The adoption of brushing among civilians was spurred by two other things: the aggressive advertising campaign for the toothpaste Pepsodent, which propelled the product around the world in the 1930s, and the invention of nylon, which enabled the much more durable (not to mention more hygienic) nylon-bristle toothbrush to hit the market in 1938.

Of course, none of this answers the question of why the mere mention of sharing a toothbrush causes many such displeasure. I don't know, but I think it's worth noting that germ theory -- the notion that microorganisms cause disease -- started to seriously take hold at around the same time that toothbrushes began to be mass produced.

That's not to say that these concerns over sharing our brushes are invalid. According to the American Dental Association (ADA), brushing our teeth can transfer many microorganisms that are present in the mouth onto a toothbrush, so we should absolutely avoid sharing a toothbrush as much as possible.

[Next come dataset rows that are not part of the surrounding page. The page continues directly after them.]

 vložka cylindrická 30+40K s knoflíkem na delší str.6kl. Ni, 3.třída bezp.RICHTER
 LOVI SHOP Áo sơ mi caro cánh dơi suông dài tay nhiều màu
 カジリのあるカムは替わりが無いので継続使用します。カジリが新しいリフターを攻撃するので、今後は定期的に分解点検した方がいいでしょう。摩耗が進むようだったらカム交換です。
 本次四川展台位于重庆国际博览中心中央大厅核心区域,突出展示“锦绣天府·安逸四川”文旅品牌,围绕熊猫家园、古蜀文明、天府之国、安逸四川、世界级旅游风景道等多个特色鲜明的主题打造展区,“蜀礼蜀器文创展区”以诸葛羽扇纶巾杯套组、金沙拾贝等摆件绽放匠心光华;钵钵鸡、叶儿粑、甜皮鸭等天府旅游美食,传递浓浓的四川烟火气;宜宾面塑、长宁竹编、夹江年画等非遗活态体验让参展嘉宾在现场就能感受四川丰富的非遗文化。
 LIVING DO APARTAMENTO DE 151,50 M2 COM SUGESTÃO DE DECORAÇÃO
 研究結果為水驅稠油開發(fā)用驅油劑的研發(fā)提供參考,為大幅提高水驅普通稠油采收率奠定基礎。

A new toothbrush is not necessarily the safest bet, though, as toothbrushes are not required to be sold in sterile packaging. An option for people who want to reduce their risk of infection are advised to look for toothbrush sanitizers that have been approved by the Food and Drug Administration (FDA). The ADA stresses consumer discretion in this regard, however, noting:

To "sanitize" normally means that bacteria are reduced by 99.9 percent. For example, if one million bacteria are present at the outset, 1000 bacteria remain after a 99.9 percent reduction. "Sterilized" on the other hand, indicates that all living organisms have been destroyed or inactivated. No commercially-available toothbrush cleaning products have been shown to sterilize toothbrushes. [ ... ] Claims that go beyond sanitizing the toothbrush or reducing bacterial contamination should be viewed critically by the consumer.

To keep the risk of contamination low, they suggest that one replace their toothbrush every three to four months. Rinsing with antibacterial mouthwash before brushing can also help reduce the number of microorganisms that are transferred onto the brush during use. And, of course, using soft bristles decreases the risk of injury to the gums, thereby keeping microorganisms from entering the body.

The rules of thumb are simple: after using a toothbrush, thoroughly wash it to make sure there is no toothpaste or debris left on it. If you store your toothbrush alongside others, make sure they all remain separated to prevent cross-contamination. People who are concerned about their toothbrushes being in the bathroom (not the most hygienic environment, it's true) suggest keeping brushes in sealed containers, but the American Dental Association strongly discourages this practice -- if the brush is not completely dry before it is sealed away, the moisture in the closed container will only encourage the growth of the bacteria that's present on the brush.

Before you completely freak out about how dangerously you have been living, remember that according to the ADA "there is insufficient clinical evidence to support that bacterial growth on toothbrushes will lead to specific adverse oral or systemic health effects." I’m sure they're speaking strictly about people whose immune systems are not compromised. Just the same, their guidelines are something we should implement in our routines, even those of us who aren't particularly squeamish about sharing.

Are you squeamish about sharing your toothbrush?